Bug 40779 - Seeking in video files (range requests) does not work
Seeking in video files (range requests) does not work
Status: RESOLVED FIXED
Product: Wikimedia
Classification: Unclassified
General/Unknown (Other open bugs)
unspecified
All All
: High major with 1 vote (vote)
: ---
Assigned To: Mark Bergsma
:
Depends on: 39016
Blocks:
  Show dependency treegraph
 
Reported: 2012-10-04 21:52 UTC by Erik Moeller
Modified: 2014-11-17 09:21 UTC (History)
6 users (show)

See Also:
Web browser: ---
Mobile Platform: ---
Assignee Huggle Beta Tester: ---


Attachments

Description Erik Moeller 2012-10-04 21:52:23 UTC
As a follow-up to bug 36577, now that Varnish has replaced Squid for upload.wikimedia.org, we have another remaining major issue. Seeking in video files does no longer work, i.e. the browser does not indicate the length of the video or make seeking features available (tested w/ Firefox). This appears to apply to all videos in production right now, and is apparently due to lack of support for range requests.

This is a major regression and we should (again) switch back if we can't fix it within reasonable time.
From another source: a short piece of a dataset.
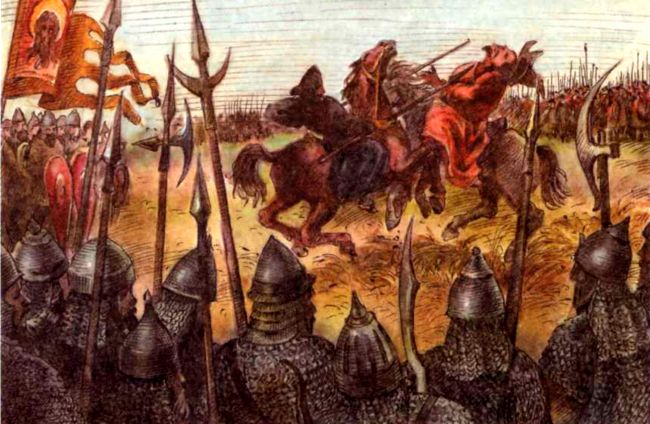И вдруг навстречу татарскому богатырю выехал богатырь русский. Это был инок Александр Пересвет. Он отправился на битву без лат и шлема, в черном монашеском одеянии, с большим копьем в руке.

To compare Squid/Varnish behavior, add IP of upload-lb.pmtpa.wikimedia.org to your /etc/hosts file as IP for upload.wikimedia.org. Example with the current IPv4 address:

208.80.152.211  upload.wikimedia.org
Comment 1 Rob Lanphier 2012-10-11 23:49:28 UTC
Assigning to Aaron, with the specific task of adding MediaWiki support for having different caching servers based on whether or not streaming support is needed (in our case, probably Varnish for non-streaming, and Squid for streaming).
Comment 2 Erik Moeller 2012-10-11 23:53:54 UTC
Note there's also bug 39016, which suggests to distinguish by file _size_. Perhaps that one should be closed as invalid since Varnish isn't a good option even for small files without range support.
Comment 3 Rob Lanphier 2012-10-12 00:20:28 UTC
(In reply to comment #2)
> Note there's also bug 39016, which suggests to distinguish by file _size_.
> Perhaps that one should be closed as invalid since Varnish isn't a good option
> even for small files without range support.

Heh, oh yeah!  I think that one is close enough that we can use it as a more specific tracker.
Comment 4 Aaron Schulz 2012-10-12 05:02:34 UTC
(In reply to comment #3)
> (In reply to comment #2)
> > Note there's also bug 39016, which suggests to distinguish by file _size_.
> > Perhaps that one should be closed as invalid since Varnish isn't a good option
> > even for small files without range support.
> 
> Heh, oh yeah!  I think that one is close enough that we can use it as a more
> specific tracker.

I think he was saying we should close that and instead make the URL based on the type of file perhaps. It makes the most sense for timed formats.
Comment 5 Mark Bergsma 2012-10-17 15:52:17 UTC
Here is my attempt to add Range support to Varnish, when it's streaming files:

https://gerrit.wikimedia.org/r/#/c/28361/1

I think this approach will work, but I just heard there's been an independent attempt to add this as well, so I'll sync up with that first. Either way, we should be able to get Varnish to behave like Squid does now... that is not optimal, but at least it won't be worse either.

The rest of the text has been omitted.